Installs standard HTTP middleware.

#### Middleware

- `CORSMiddleware`
  - `allow_origins=["*"]`
  - `allow_methods=["*"]`
  - `allow_headers=["*"]`
- `GZipMiddleware`
  - Compresses responses larger than 1000 bytes.

#### Request ID

- Adds `X-Request-ID` header to every response.
- Stores request ID in `request.state`.

### `server/apis/chat.py`

#### Purpose

Handles chat completion requests with prompt compression, firewall analysis, LLM generation, and post-processing.

#### Key Endpoints

- `POST /v1/chat/completions`
  - Accepts `ChatCompletionRequest`
  - Returns `ChatCompletionResponse`

#### Request Flow

1. Validate service readiness.
2. Perform firewall check on user prompt.
3. Compress prompt with `CompressionService.compress_batch_async()`.
4. Apply shield and safety validation.
5. Call `LLMOrchestrator.generate()` or streaming equivalent.
6. Apply `ResponseCorrector` and `PostLLMVerifier`.
7. Optionally auto-correct low-confidence outputs.
8. Return structured response with NLProxy metadata.

#### Error Handling

- `403` for blocked prompts.
- `400` for invalid user input.
- `504` for compression or LLM timeouts.
- `502` for provider errors.
- `409` when security confidence thresholds are not met.
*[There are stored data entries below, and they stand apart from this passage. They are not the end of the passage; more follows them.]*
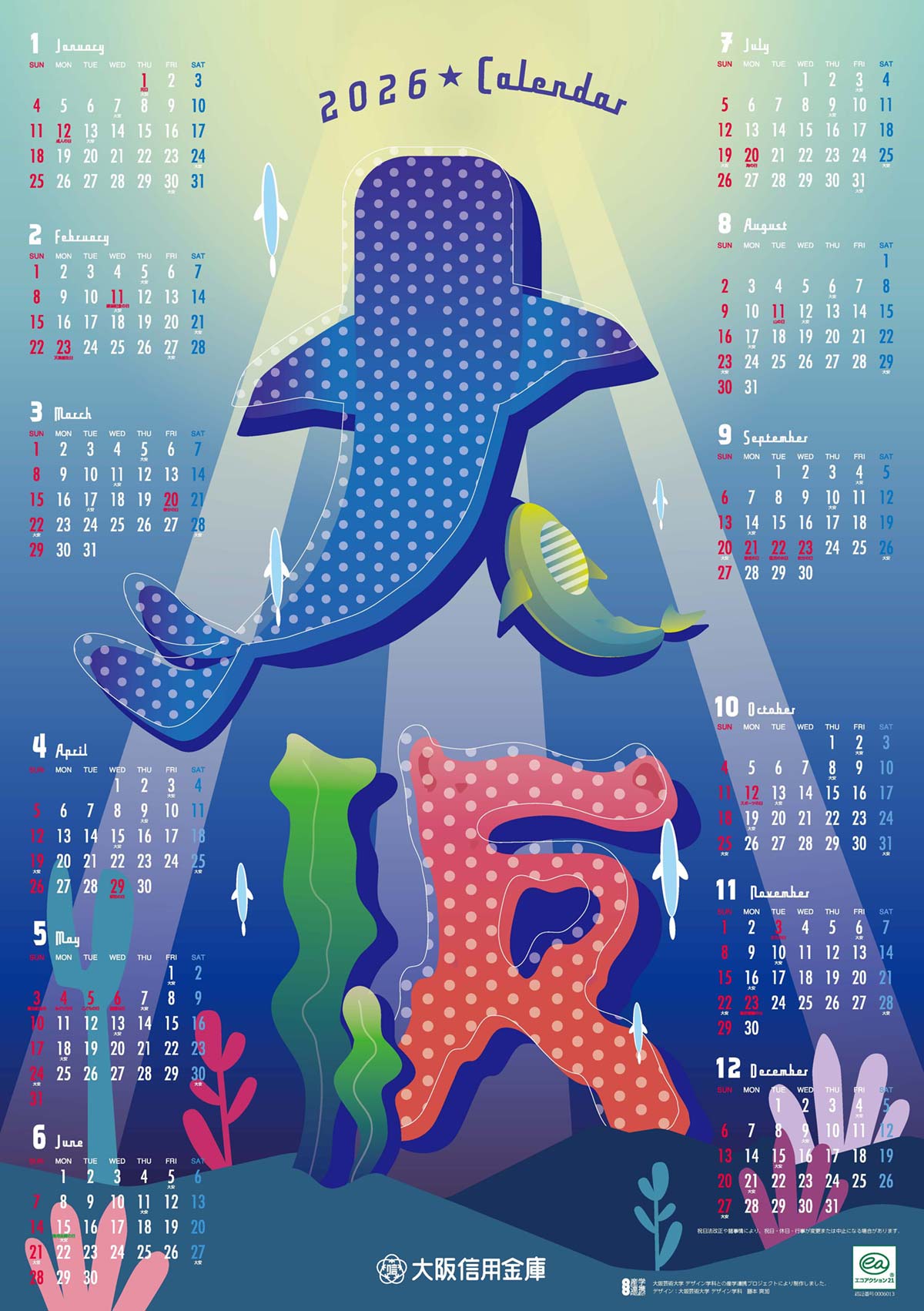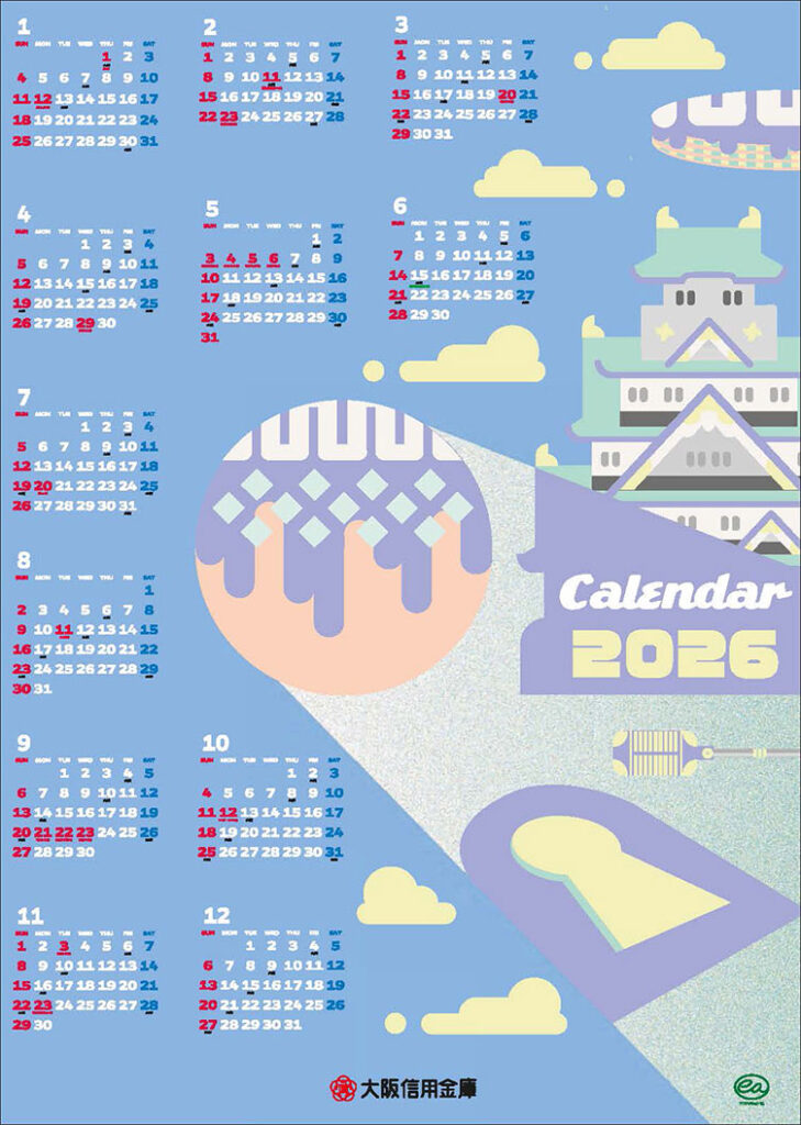 海中の光や生き物の動きをモチーフに、ポップで色鮮やかな世界をカレンダーに閉じ込めています。珊瑚のカラフルな色合いがにぎやかさを演出しつつ、構成全体はスタイリッシュにまとめました。見ているだけで明るい気持ちになれる、大阪の“海のパラダイス”を表現した作品です。
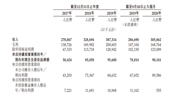 截至2017年、2018年及2019年12月31日止年度以及截至2019年及2020年9月30日止九个月,公司持续经营业务的收入分别为2.78亿元(人民币/单位下同)、3.28亿元、3.87亿元、2.87亿元及3.06亿元,持续经营业务的年内利润及全面收入总额则分别为5040万元、8510万元、9560万元、7880万元及9010万元。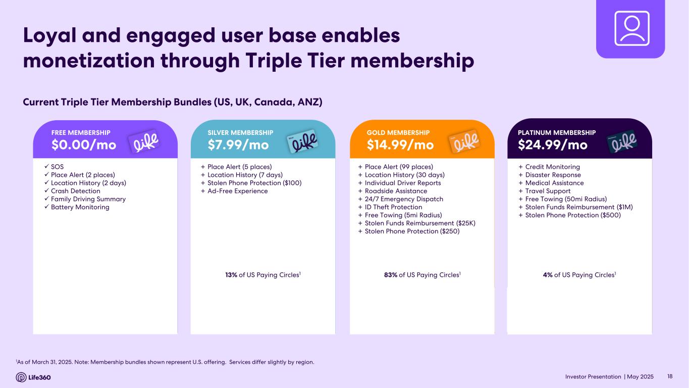Investor Presentation | May 2025 1As of March 31, 2025. Note: Membership bundles shown represent U.S. offering. Services differ slightly by region. Loyal and engaged user base enables monetization through Triple Tier membership Current Triple Tier Membership Bundles (US, UK, Canada, ANZ) + Place Alert (5 places) + Location History (7 days) + Stolen Phone Protection ($100) + Ad-Free Experience 13% of US Paying Circles1 SILVER MEMBERSHIP $7.99/mo + Place Alert (99 places) + Location History (30 days) + Individual Driver Reports + Roadside Assistance + 24/7 Emergency Dispatch + ID Theft Protection + Free Towing (5mi Radius) + Stolen Funds Reimbursement ($25K) + Stolen Phone Protection ($250) 83% of US Paying Circles1 GOLD MEMBERSHIP $14.99/mo + Credit Monitoring + Disaster Response + Medical Assistance + Travel Support + Free Towing (50mi Radius) + Stolen Funds Reimbursement ($1M) + Stolen Phone Protection ($500) 4% of US Paying Circles1 PLATINUM MEMBERSHIP $24.99/mo ✓ SOS ✓ Place Alert (2 places) ✓ Location History (2 days) ✓ Crash Detection ✓ Family Driving Summary ✓ Battery Monitoring FREE MEMBERSHIP $0.00/mo 18

### `server/apis/health.py`

#### Purpose

Exposes service diagnostics and health status.

#### Endpoints

- `GET /health`
  - Returns aggregate status of compression, LLM providers, and semantic cache.
- `GET /metrics/app`
  - Returns basic request and cache metrics.

### `server/apis/errors.py`

#### Purpose

Defines global exception handlers for HTTP and internal errors.

#### Behavior

- Converts `HTTPException` into `JSONResponse` with structured error payloads.
- Handles unexpected exceptions with HTTP 500.
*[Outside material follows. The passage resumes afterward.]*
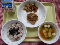 豚キムチ焼きそば 牛乳 ジャンボ揚げ餃子 フルーツポンチ

### `server/apis/models.py`

#### Purpose

Placeholder for model discovery APIs.

## Schemas

### `server/schemas.py`

Defines Pydantic request and response models:

- `Message`
- `ChatCompletionRequest`
- `ChatCompletionResponse`
- `HealthResponse`
- `MetricsResponse`

#### Validation Notes

- `Message.content` must not be empty.
- `ChatCompletionRequest` supports `provider`, `model`, `mode`, `aggressiveness`, `privacy_mode`, `auto_correct`, and `use_perplexity`.
- `privacy_mode` defaults to `settings.privacy_mode_default` if omitted.

### `server/logger.py`

#### Purpose

Provides FastAPI-specific logger setup.

#### Functions

- `setup_logging(level)`
- `get_request_logger(name)`

## Deployment Considerations

- The server uses an async lifespan, so startup failures should surface before binding ports.
- Metrics are only enabled if `settings.enable_metrics` is true.
- The server expects dependent modules and models to be available at startup.
- Use `uvicorn` via `cli/runserver.py` for production readiness.